DISCUSSION: "It only comes out at night". Does anyone else have this experience!?


In my listening experience, whatever system you have, whatever components, whatever the material, medium, one thing always seems to remain constant. It ALWAYS sounds better in the deep and still of the night!!!

 

Is it because night time is generally quieter? Is it because the world of electronics is then shielded from the SUN? Is it because there is less demand on the electrical service?

 

Whatever it is, there is one thing I know for sure, music sounds better late into the night!

kmckenn

@millercarbon "... your "technology" does not completely isolate. Your batteries are connected to the grid for charging. AC grid noise gets a free ride.".

 

You bubble burster you! You do realize now you have made me go back and obsessively research this, just to make myself feel worse, RIGHT!?

 

Here is what I got, many years ago... it suggests it isolates it. (SU1500RTXL2UA SmartOnline® Double-Conversion Rack/Tower Sine Wave UPS).

  • True on-line, double-conversion operation delivers pure sine wave output, precise voltage regulation and isolation from power problems.

 

The guy selling it says it works. Imagine that!

Just one difference between actual experience and ad copy.

I am guessing that means you don’t have one. If you did, you’d probably believe what the documentation says, like the specs on the all equipment you own. That, and this was published before 24/7/365 gaslighting became predominant (mainstream).

I  supply part of  my system with lithium ion battery pack that puts out pure sine wave. Using on dac compared with AC fed from modded BPT 3.5 transformer based conditioner, I prefer feed from BPT, slightly more closed in veiled sq with batteries.

My take is the inverters in these products affect sq to some extent, YMMV.

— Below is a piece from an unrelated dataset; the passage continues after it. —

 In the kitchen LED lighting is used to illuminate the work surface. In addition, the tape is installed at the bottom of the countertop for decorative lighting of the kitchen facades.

There's an easy way to test and see if your system really does what it says it does. If it is truly isolated then it will disconnect from AC and run entirely off batteries. When this happens you will hear the sound improve, and because it is running off batteries and truly isolated it will sound the same regardless of the time of day or anything else. You already said this is not the case so you yourself know it is not isolated as claimed.

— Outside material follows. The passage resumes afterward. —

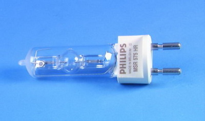 HMI / MSR / HMP / OMI LampenExtrem hohe LichtausbeuteBeste FarbwiedergabeDrei- bis vierfach höhere Lichtausbeute gegenüber GlühlichtLicht wird über einen Lichtbogen zwischen zwei Elektroden erzeugtTageslichtähnliches Spektrum (zwischen 4500 und 6500 K)Konstantes Farbtemperatur und Farbwiedergabeverhalten über die komplette LebensdauerHalogenmetalldampflampen haben ein aus vielen Linien bestehendes Spektrum, im Gegensatz zu Temperaturstrahlern wie z. B. Halogen-GlühlampenLampentyp: Halogen-MetalldampflampeHersteller: PHILIPSLampenspannung: 95 VLampenleistung: 575 WLampenstrom: 6,95 ASockel: G-22Lichtstrom: 49000 LmBrennstellung: BeliebigElektrodenabstand: 7 mmFarbtemperatur: 6000 KFarbwiedergabeindex: 95 RaLebensdauer: 1000 hDimmbar: JaHeißzündfähig: JaDurchmesser: 30 mmHöhe: 145 mm

Another way I know is another member with the same setup experienced the same thing. 

Third way I know is from personal experience with battery isolation in my own system. It is easy to hear the improvement when going completely off AC and running off battery power. It is also almost as easy to hear the degradation when running off battery power but still connected to AC via the charger.

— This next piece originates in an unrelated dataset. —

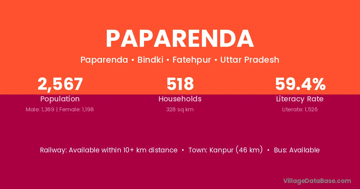 Kanpur (46 km) is the nearest town to Paparenda village for major economic activities and is located approximately 46 km away.

What happens is really no different than what happens in the power supply of every component. Theoretically, these are all "isolated" by power supply caps. Lots and lots of manufacturers claim, and lots of audiophiles believe, that enough power supply filter caps means nothing upstream from this can matter. Power supply transformers after all are transformers. If you know how a transformer works, there are two coils, primary and secondary, with no physical connection between them. This does work to effectively filter out some of the noise riding on the AC line. Some, but not all.

Reality is that as long as there is any connection at all, including even through a transformer, then AC line noise will get through. This is why you hear the sound change even though if your system worked as claimed it would be perfect isolation and sound the same 24/7. 

There is no guessing involved. This is not a case of what I "believe" to be the case. This is a case of what I know to be the case three different ways: personal experience, others experience, and a solid understanding of the subject.

Interestingly, your own experience corroborates everything I'm saying. 

all my equipment is behind a UPS that completely isolates AC output from AC input by reconstituting the AC voltage and sine wave from a bank of DC batteries.

But, I still notice it.

So where exactly does gaslighting come into it?